* [DIRECTIONS]: Nothing but the lines from the one containing "En 2014, à Saint-Laurent-du-Cros, ce" through the end of the data below should appear in the answer, each exact and free of pictures.
======== DATA BLOCK ========
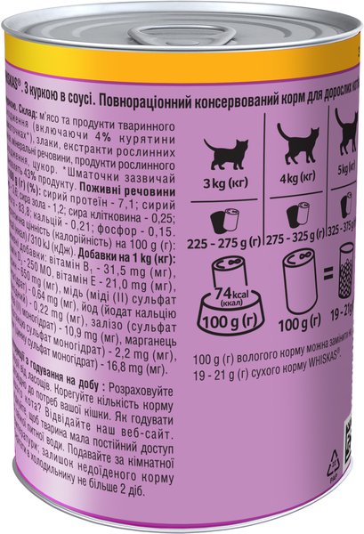 Влажные рационы WHISKAS с курицей в соусе для взрослых кошек, 400 г — это сбалансированный рацион для вашей любимицы. Питание с курицей в нежном соусе содержит оптимальный баланс витаминов и минералов для поддержания здоровья вашей кошки каждый день. Кроме того, формат банки очень удобный в использовании.
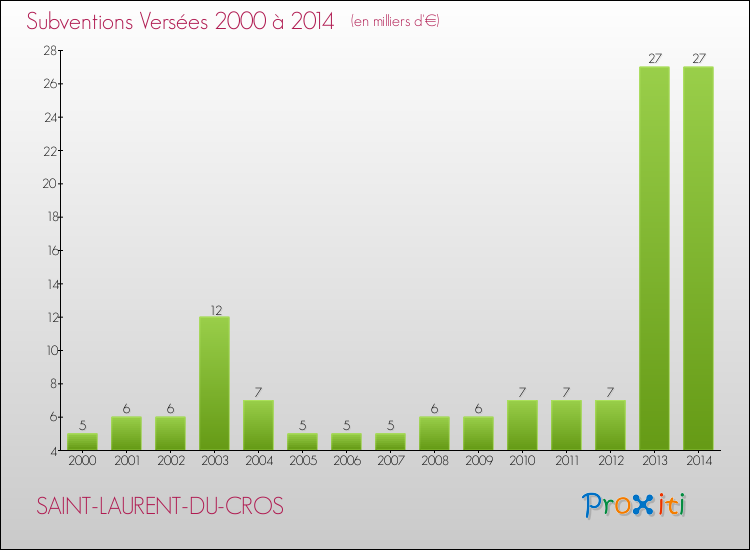 En 2014, à Saint-Laurent-du-Cros, ce budget est en baisse de 0.84 % par rapport à 2013.
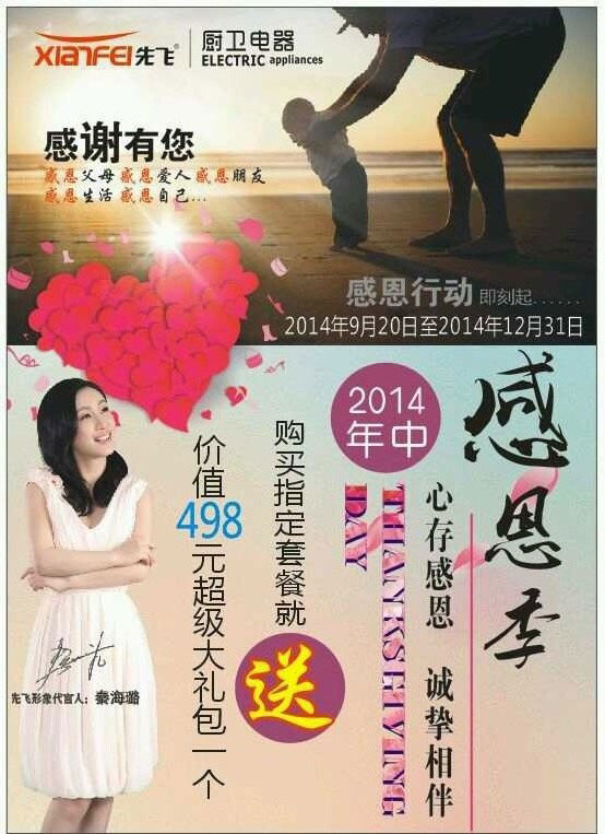 先飛,讓生活快樂起來!快樂先飛,快樂廚房。對(duì)于消費(fèi)者來說,買到性價(jià)比高,品質(zhì)過硬的商品就是快樂。在“感恩季”活動(dòng)期間,只要四川消費(fèi)者同時(shí)購買指定款式的熱銷煙機(jī)、熱銷灶具、冷凝式熱水器10QY3三件套產(chǎn)品,就將獲得先飛四川經(jīng)銷商免費(fèi)送出的超級(jí)大禮包。據(jù)了解,活動(dòng)主辦方為此準(zhǔn)備了超過5000份,總價(jià)在250萬左右的超級(jí)大禮包。
========
* [RESPONSE BOX]:
 En 2014, à Saint-Laurent-du-Cros, ce budget est en baisse de 0.84 % par rapport à 2013.
 先飛,讓生活快樂起來!快樂先飛,快樂廚房。對(duì)于消費(fèi)者來說,買到性價(jià)比高,品質(zhì)過硬的商品就是快樂。在“感恩季”活動(dòng)期間,只要四川消費(fèi)者同時(shí)購買指定款式的熱銷煙機(jī)、熱銷灶具、冷凝式熱水器10QY3三件套產(chǎn)品,就將獲得先飛四川經(jīng)銷商免費(fèi)送出的超級(jí)大禮包。據(jù)了解,活動(dòng)主辦方為此準(zhǔn)備了超過5000份,總價(jià)在250萬左右的超級(jí)大禮包。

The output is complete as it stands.